8 years 4 months ago
Lack of experience in the above quote refers to having no real life experience of living as a gay person as opposed to a heterosexual person. Throwing an exclusively hetersexual blanket on the totality of human sexual experience is reductionist. 
When one's truth ignores solid facts one is not operating from truth but from opinion. It may be a well reasoned opinion, but it's still an opinion.  Natural Law is a well reasoned opinion.  Elevating it to the level of Gospel truth is hubris. 
It maybe that there is nothing in the Gospels about sex-except for marital adultery-for a reason. That reason maybe that it's not about sexual acts per se, it's about relationship and commitment to a relationship.
8 years 4 months ago

What the Catholic Church, in its endless arrogance, fails to realize is that the LGBT community does not need it to minister to us.

Rather, we minister to it with the full knowledge that good seed falls where it will.  Some of it will take root and prosper and some of the rest will fall on rocky ground and hearts and fail to thrive.

Any organization that bleats that it is Holy MOTHER Church needs to take a look at what kind of ground it offers to the witness of its LGBT children.  So far, fallow is not the operative word.

8 years 4 months ago
''I'm sorry, but the obviousness of the intricacies of human sexuality
are not as certain as mathematical axioms, and this constant appeal to
them as such without any influence of experience is just
mind-bogglingly arrogant.'' - This comment accuses people, like me, who agree with natural law and purity as one of the primary Christian precepts, of being arrogant because we lack ''influence of experience.'' Wow.  So, my values are misguided, because my life experience is meaningless, and therefore I am the one who is being called arrogant?  What a mess.  I follow Christ.
8 years 4 months ago
No Melissa, what it means is that the refusal to look to the experience of relevant parties (ie, gay and lesbian Christians) in determining how those human beings may flourish and instead looking to those who know nothing of their lives is an arrogance.
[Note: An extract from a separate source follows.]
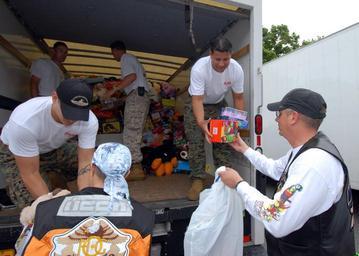 Keywords: US Navy 061203-N-4965F-001 Master Chief Petty Officer Steve Hady (right) assigned to Commander, Submarine Force U.S. Pacific Fleet, hands toys to Sgt. David Herrera.jpg en Pearl Harbor Hawaii Dec 3 2006 - Master Chief Petty Officer Steve Hady right assigned to Commander Submarine Force U S Pacific Fleet hands toys to Sgt David Herrera Staff Sgt John Hassel Staff Sgt Robert Marchand and Staff Sgt Marco Garcia from the 4th Marine Division 4th Force Reconnaissance Company Marine Corps Base Hawaii during the 32nd annual Street Bikers United Toy Run Parade Toys for Tots ride This year's Toys for Tots motorcycle ride gathered more than 6 000 military and civilian motorcyclists and was the largest motorcycle event ever on the island of Oahu The annual event generates approximately one quarter of all toys donated all year from Hawaii and will provide Christmas gifts for more than 20 000 children U S Navy photo by Mass Communication Specialist James E Foehl RELEASED 2006-12-03 061203-N-4965F-001 Navy http //www navy mil/view_image asp id 41349 U S Navy photo by Mass Communication Specialist James E Foehl PD-USGov-Military-Navy 65th anniversary of Pearl Harbor attack

So it says nothing of your experience speaking for your life. It says something of your experience speaking for the lives of others who are different than you.
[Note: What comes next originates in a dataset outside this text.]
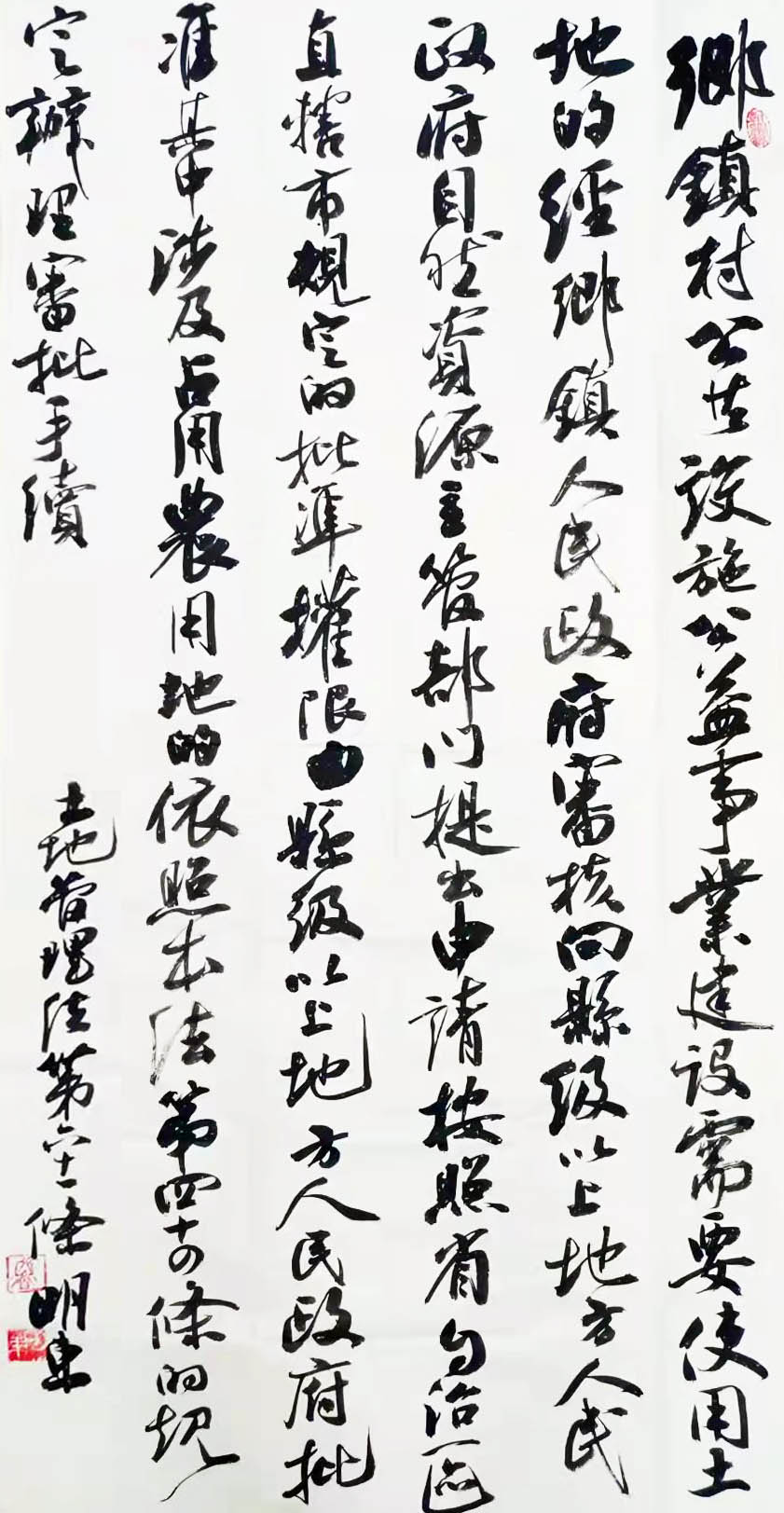 繼1600余位書法家參與書寫《中華人民共和國民法典》全部1260條法條之后,法治日報社聯(lián)合自然資源部法規(guī)司、自然資源部書畫研究會和北京昌平書法家協(xié)會,將筆端對準(zhǔn)土地管理“一法一條例”,即《中華人民共和國土地管理法》和《中華人民共和國土地管理法實(shí)施條例》。

And it doesn't mean that purity is a bad thing. But purity is relative to contexts, e.g., sexual monogamy within a faithful marriage is considered the appropriate ''purity'' for married couples. It's different than the ''purity'' appropriate to a young person dating. So I agree with you that purity is appropriate for Christians. 
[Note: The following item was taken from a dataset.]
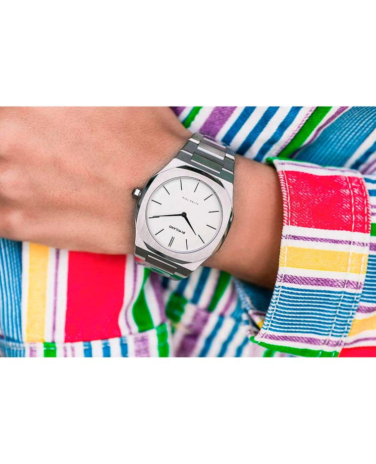 Женские наручные часы D1 Milano UTBL01 из коллекции Ultra Thin сочетают в себе классический дизайн и современные технологии. Модель обладает восьмиугольным корпусом диаметром 38 мм, изготовленным из нержавеющей стали 316L, что обеспечивает высокую устойчивость к внешним воздействиям. Браслет также выполнен из нержавеющей стали с раскладной застежкойРаскладной замокДанный вариант застежки используется только на часах с металлическим браслетом. Отличительная особенность такого крепления в том, что длина браслета становится универсальной и вы можете самостоятельно отрегулировать нужный вам размер – застежка просто двигается по браслету часов., гарантирующей комфортное ношение и безопасность. Белый циферблат украшен метками и оснащен стрелочным механизмом, который подчеркивает элегантность модели. Для защиты используется сапфировое стеклоСапфировое стеклоПрочный и надёжный материал из кристалла сапфира синтетического происхождения, характеризующийся особой твёрдостью и устойчивостью к царапинам и повреждениям. с антибликовым покрытиемАнтибликовое покрытиеСлой оксида металла в 0,13-0,3 микрон, благодаря которому стекло часов не бликует и не отражает свет. Антибликовое покрытие уменьшает отражение света в 10 раз, обеспечивая отличную читаемость показателей циферблата., обеспечивающее прочную защиту от царапин и бликов. Часы работают на кварцевом механизме, что гарантирует точность хода с погрешностью +/- 15 секунд в месяц, не требуя регулярного подзавода. Водонепроницаемость часов достигает 5 атмосфер (50 метров), что позволяет использовать их во время мытья рук или плавания, однако не рекомендуется для глубоководного дайвинга. Толщина ультратонкого корпуса составляет всего 6 мм, делая аксессуар легким и удобным для повседневного использования.

As far as natural law is concerned, it's not a fixed concept like some would have us believe. Aristotle, upon whose ideas of natural finality Thomas built his idea of natural law, said everything in nature had a purpose, and violations of nature were wrong. But he also accepted abortions for eugenic reasons and slavery for those not fit to be masters. Thomas believed it was right to execute infidels for the common good, and thought that slavery did not violate natural law. He also thought the Church could not follow Christ's exhortation to forgive 70 times 7 times. Oh, and masturbation and homosexuality were ''worse'' than rape and incest, because at least the latter followed right reason. And his ideas on sex were based on biological principles now known to be defunct (like the homuncular theory of fertilization). But Thomas's brilliance, however, was in realizing that the natural law could be changed by addition or subtraction when new knowledge or God's revelation made that evident.
My point is that experience-especially the experience of gay and lesbian Christians-may be telling us that the natural law is not as we once thought, just as has been the case with the many issues listed above (slavery, abortion, fertilization, etc.). But it takes an open heart, especially one turned toward Christ, as you say, to discern these things. It doesn't take intellectual absolutism.